→ YOUR INSTRUCTIONS: Having located the line with "Avental fabricado em", print it and each remaining line exactly, stopping at the end of the material and omitting pictures.

→ DATASET CONTENT:
/---
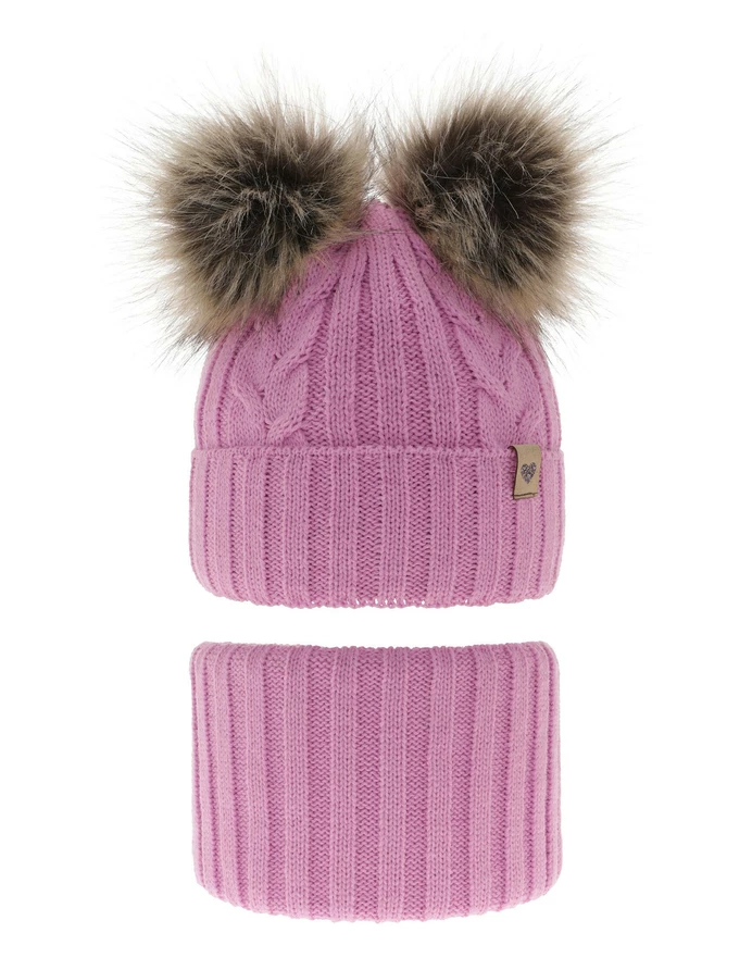 Setul de iarnă pentru fetițe de la marca AGBO, într-o elegantă culoare neagră, este realizat din 100% acrilic, cu o căptușeală din fleece (100% poliester) ce oferă o protecție excelentă împotriva vântului. Căciula este accesorizată cu două pompoane din blană ecologică, aducând un plus de farmec, iar patch-ul modern completează designul deosebit. Cu un tricot cu nervuri și împletituri tricotate, setul conține o căciulă și un fular circular, ideal pentru sezonul rece. Adaptat temperaturilor de la -6°C la 3°C, acest set certificat OEKO-TEX® Standard 100 asigură confort și siguranță pentru pielea sensibilă.
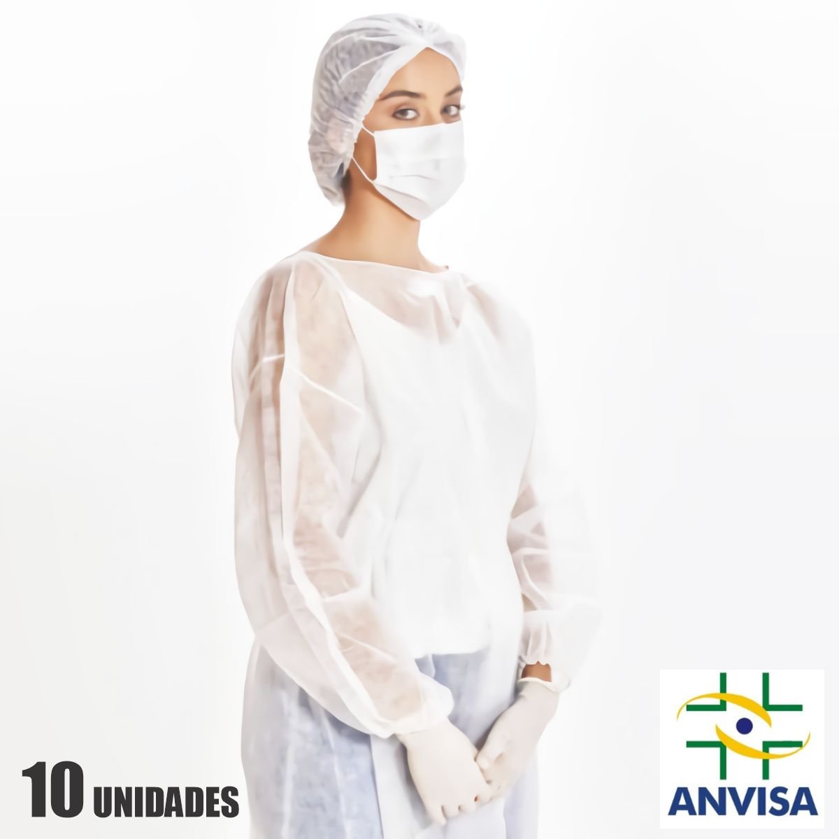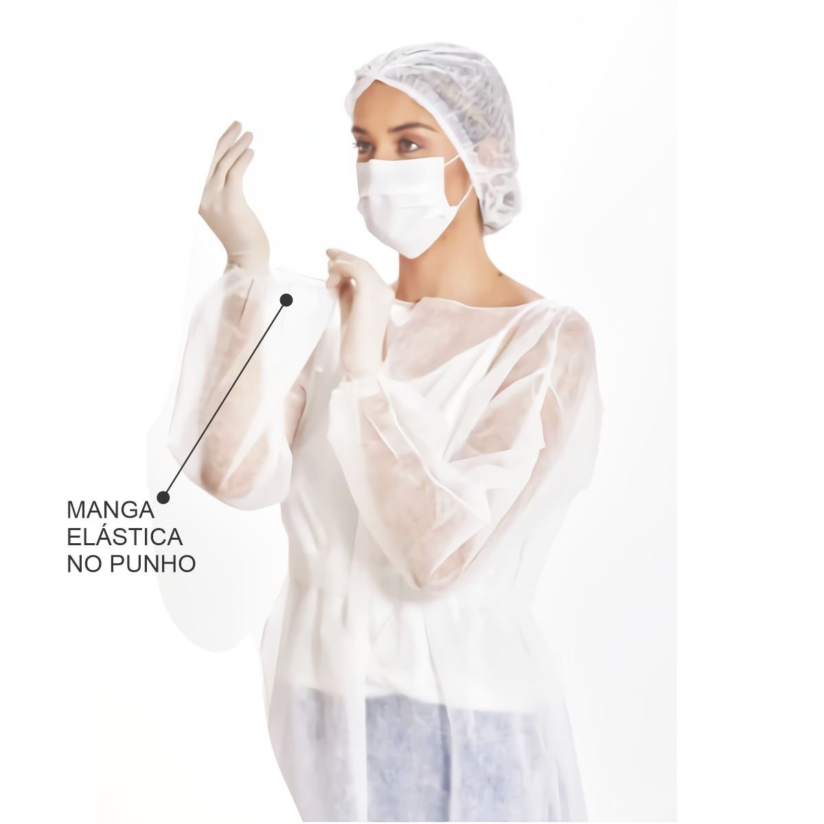 Avental fabricado em TNT gramatura 40 com alta qualidade, oferecendo resistência e durabilidade, não estéril, hipoalérgico e atóxico, com mangas longas e punho com elástico.
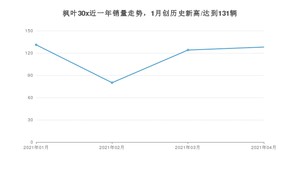 2021年4月,枫叶30x销量为128辆,同比增长814.29%,环比增长3.23%。1-4月份,枫叶30x销量为463辆,同比增长1%。在最近1年中,枫叶30x销量在2021年01月达到最高,销量为131辆。
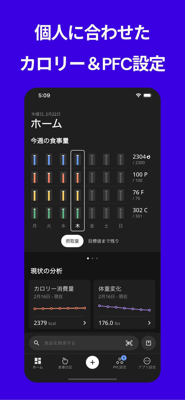 •  個人の目標や好みに基づいた三大栄養素プログラムの設定
\---
→ EXPECTED ANSWER:
 Avental fabricado em TNT gramatura 40 com alta qualidade, oferecendo resistência e durabilidade, não estéril, hipoalérgico e atóxico, com mangas longas e punho com elástico.
 2021年4月,枫叶30x销量为128辆,同比增长814.29%,环比增长3.23%。1-4月份,枫叶30x销量为463辆,同比增长1%。在最近1年中,枫叶30x销量在2021年01月达到最高,销量为131辆。
 •  個人の目標や好みに基づいた三大栄養素プログラムの設定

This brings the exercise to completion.